Further, if mandis weaken and private markets do not sufficiently replace them, there are fears that the void would be filled by unscrupulous and unregulated traders.
Quantitatively Improving Mandi Infrastructure:
At the current stage of agricultural marketing in India, there is a need to increase in the density of mandis, expansion of investment in mandi infrastructure and a spread of the MSP system to more regions and crops.
For this to happen much of the mandi taxes should be properly reinvested by APMCs to improve market infrastructure.
In this context, the Punjab Mandi Board example is worth emulating, whereby it uses these revenues to construct rural roads, run medical and veterinary dispensaries, supply drinking water, improve sanitation, expand rural electrification and provide relief to farmers during calamities.

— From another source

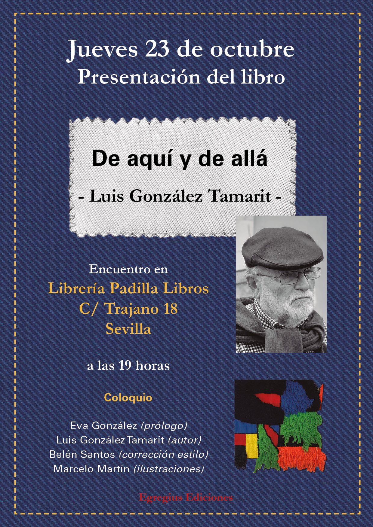 El próximo día 23 de octubre, a las 19h, presentaremos el último libro de Luis González Tamarit, De aquí y de allá. Habrá un coloquio donde participará el autor junto con la prologuista, Eva González Lezcano, Belén Santos y el ilustrador de la obra, Marcelo Martín.
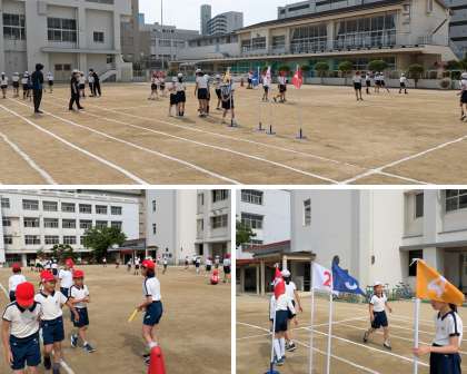先生方がきれいに白線を引いてくださった運動場では、各学年が早速かけっこやリレーの練習を始めました。本番で最高の力が発揮できるようしっかり練習をしていきます。

Qualitative Improving Mandi Infrastructure:
There is a need for not just more mandis, but also better mandis.
APMCs need internal reform to ease the entry of new players, reduce trader collusion and link them up with national e-trading platforms.
The introduction of unified national licences for traders and a single point levy of market fees are also steps in the right direction.
Improving Economies of Scale:
The bargaining power of Indian Farmer’s vis-a-vis corporates will change only if economies of scale rise substantially at the farm-level.
In order to achieve this, there is a need to strengthen Farmer Producer Organisations.
Indian agricultural marketing reforms should derive inspiration from Barbara Harriss-White, a scholar of India’s agricultural markets, who once observed, “deregulated imperfect markets may become more, not less, imperfect than regulated imperfect markets”.